The Civil Society Covenant, launched on 17 July 2025, marks a major shift in how the UK Government works with civil society. Co-designed with over 1,200 civil society organisations, it commits to recognising the sector not just as a stakeholder, but as a co-owner in shaping better public outcomes and strengthening democracy.
What the Covenant Does
The Covenant aims to reset the relationship between civil society and government, built on shared principles of respect, inclusion, transparency, and co-production. It aims to create effective, long-term partnerships that involve civil society in both policy design and service delivery.
Some of its key principles include:
- A principles-based agreement valuing civil society’s independence and contributions;
- A Joint Civil Society Covenant Council to drive and monitor implementation;
- A Local Partnerships Programme to support collaboration with local authorities;
- A VCSE-HM Treasury forum for ongoing dialogue on economic issues;
- Practical tools, guidance, and case studies through a new online hub.
Participation, Inclusion, and Shared Decision-Making
The Covenant offers concrete mechanisms for participation and inclusion by supporting:
- Co-production: Engaging citizens and communities directly in shaping solutions.
- Active participation: Facilitating volunteering, social action, and civic engagement.
- Removing barriers: Prioritising equity and access for marginalised groups.
- Shared decision-making: Involving civil society early in the policy cycle, not as afterthoughts.
- Transparent communication: Ensuring that community input leads to visible action—closing the feedback loop with “you said, we did” reporting.

Local Impact: Public Voice in Haringey
Haringey’s Public Voice offers a strong example of the Covenant in action. Through the Haringey Community Collaborative, launched in May 2024 with Mind in Haringey and Haringey Council, over 70 local organisations co-produced solutions to urgent issue, most notably, the cost-of-living crisis.
Key initiatives include a community-led ‘Challenge Fund’ for grassroots projects; Capacity-building support for local VCS groups; and a focus on food insecurity, housing, digital access, and employment.
Meanwhile, the Joint Partnership Board, supported by Public Voice since 2017, brings residents, council, and NHS staff together in shared decision-making, ensuring lived experience shapes public services in real time, co-producing improvements in local police training, as well as enhancing inclusivity of the borough’s low-traffic neighbourhoods.
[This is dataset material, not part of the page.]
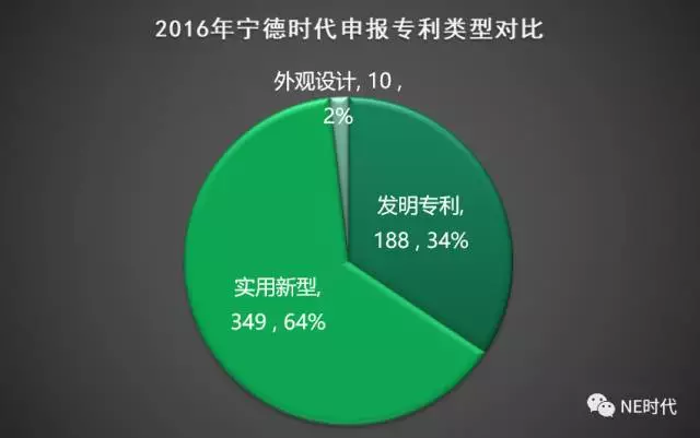通過檢索2016年寧德時代申請的所有專利,發(fā)現(xiàn)中國申請專利553件,同時還有國際申請專利6件。而在國內(nèi)申請的專利中,發(fā)明專利188件,實用新型專利349件,外觀專利10件,這與上一期中國軒高科發(fā)明專利和外觀設(shè)計專利偏多的情況有很大的不一樣。
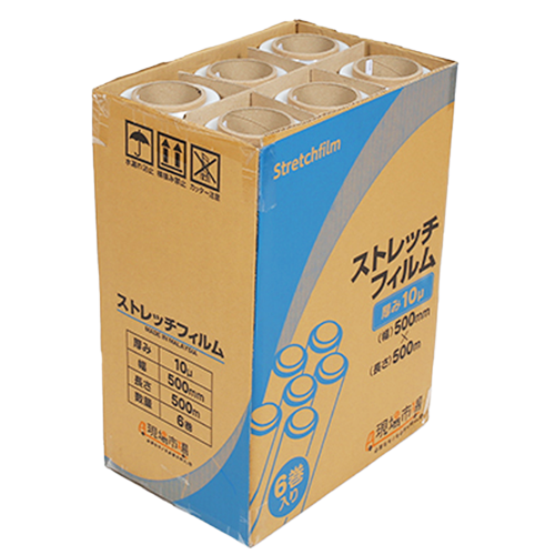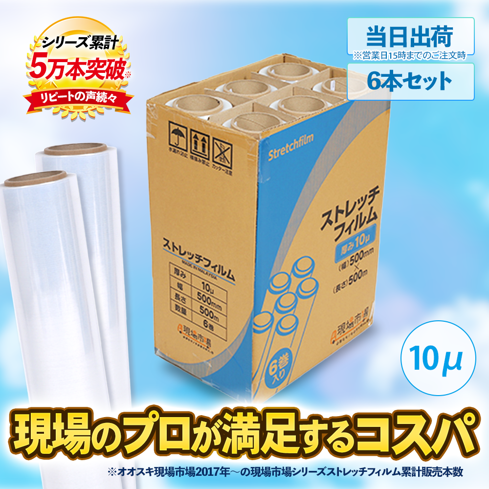 | 商品名 | 現場市場 ストレッチフィルム 10μ 500mm×500m 1箱(6巻入り) OSK-SF10 |

What Public Voice has learned
Through our work in Haringey, Public Voice has seen that power sharing with communities leads to better services, stronger engagement, and more equitable outcomes. But genuine co-production takes time, involves risk, and requires managing expectations and systemic delays.
That’s why Public Voice supports the principles of the Civil Society Covenant. We offer a practical, national framework for rebalancing power and rebuilding trust, and our firsthand experiences show that when co-production is done well, communities are empowered, services improve, and decisions reflect real lived experience. We hope it will lead to wider sharing of power and decision-making with local communities.